§ Collected material:
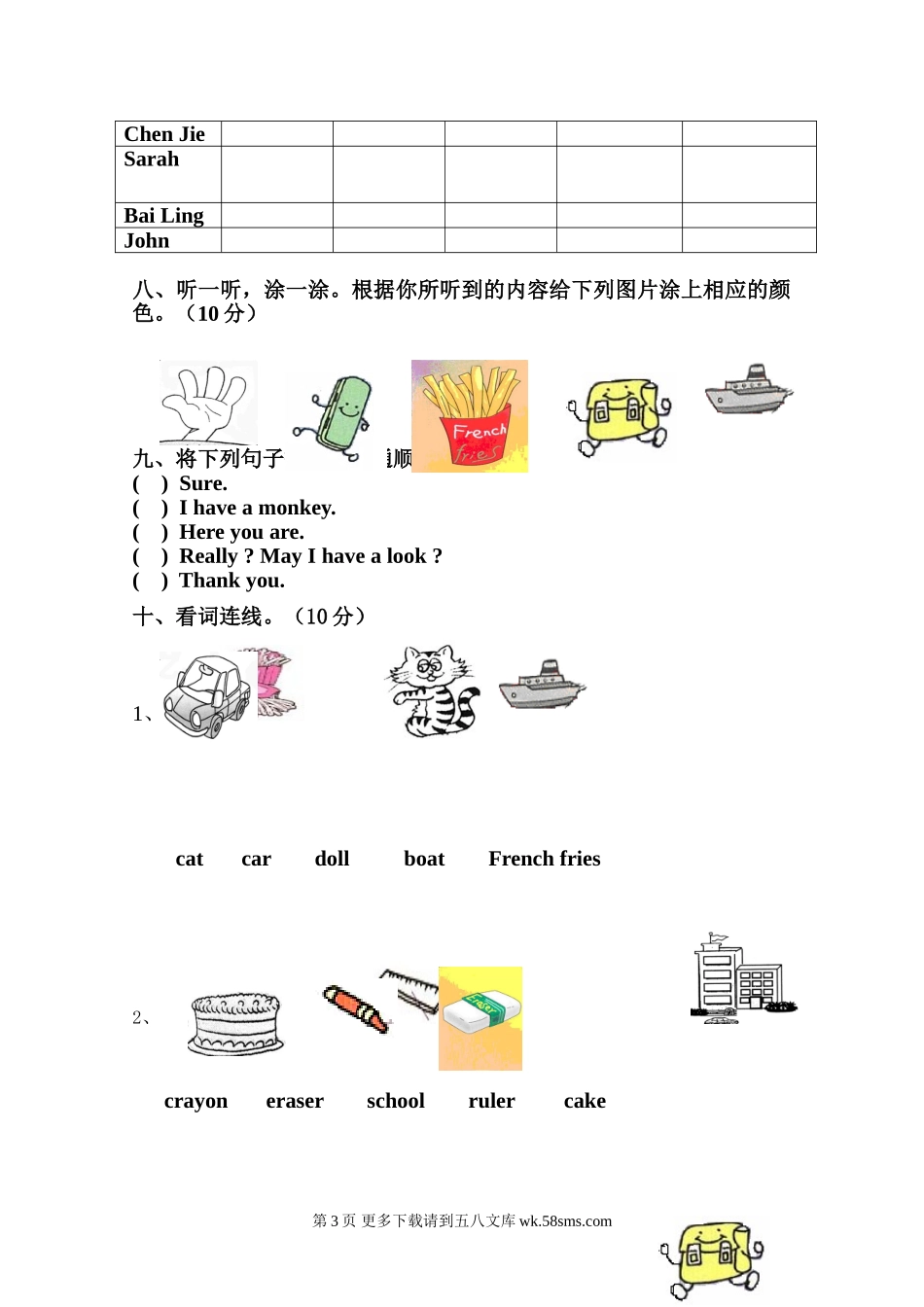 三年级第一学期期末综合卷(2)听力部分一、材料听录音,找出所听到的单词,把编号填在题前的括号里。(10分)()1、A、bearB、birdC、bread()2、A、cakeB、CokeC、car()3、A、blueB、blackC、brown()4、A...
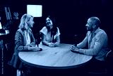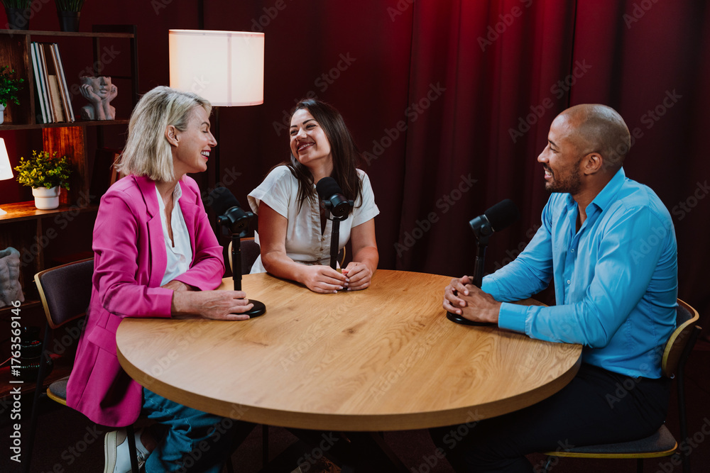 Group of hosts is capturing a live audio broadcast, engaging in a lively, amusing conversation around microphones and a laptop in a professional studio setting
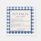 Fügen Sie Ihrer Hochzeit eine lustige und persönliche Touch mit dieser individuell gestalteten "Fun Facts"-Serviette hinzu, die mit einem zauberhaften blau-cremefarbenen Retro-Schachbrettmuster versehen ist. Lass deine Gäste auf süßen, sonderbaren oder überraschenden Fakten über das Paar ein - ideal, um bei Cocktail oder am Empfang-Tisch Konversationen zu entfachen. 💙 cremefarbener Hintergrund mit fett blauen Schachbrettern 📝 "Fun Facts" mit Platz für Ihre individuellen Trivien 👰 mit Paarnamen und Datum 🎉 Einzigartiges und interaktives Hochzeitsdetails Ihre Gäste werden 💬 Ideal für Hochzeiten, Proben oder Brautpartys feiern Ihre Liebe auf stilvolle, interaktive Weise - denn jedes kleine Detail zählt!

§ Task goal: An exact copy of the listing is required, with every image removed.

§ Problem solution:
 三年级第一学期期末综合卷(2)听力部分一、材料听录音,找出所听到的单词,把编号填在题前的括号里。(10分)()1、A、bearB、birdC、bread()2、A、cakeB、CokeC、car()3、A、blueB、blackC、brown()4、A...
 Group of hosts is capturing a live audio broadcast, engaging in a lively, amusing conversation around microphones and a laptop in a professional studio setting
 Fügen Sie Ihrer Hochzeit eine lustige und persönliche Touch mit dieser individuell gestalteten "Fun Facts"-Serviette hinzu, die mit einem zauberhaften blau-cremefarbenen Retro-Schachbrettmuster versehen ist. Lass deine Gäste auf süßen, sonderbaren oder überraschenden Fakten über das Paar ein - ideal, um bei Cocktail oder am Empfang-Tisch Konversationen zu entfachen. 💙 cremefarbener Hintergrund mit fett blauen Schachbrettern 📝 "Fun Facts" mit Platz für Ihre individuellen Trivien 👰 mit Paarnamen und Datum 🎉 Einzigartiges und interaktives Hochzeitsdetails Ihre Gäste werden 💬 Ideal für Hochzeiten, Proben oder Brautpartys feiern Ihre Liebe auf stilvolle, interaktive Weise - denn jedes kleine Detail zählt!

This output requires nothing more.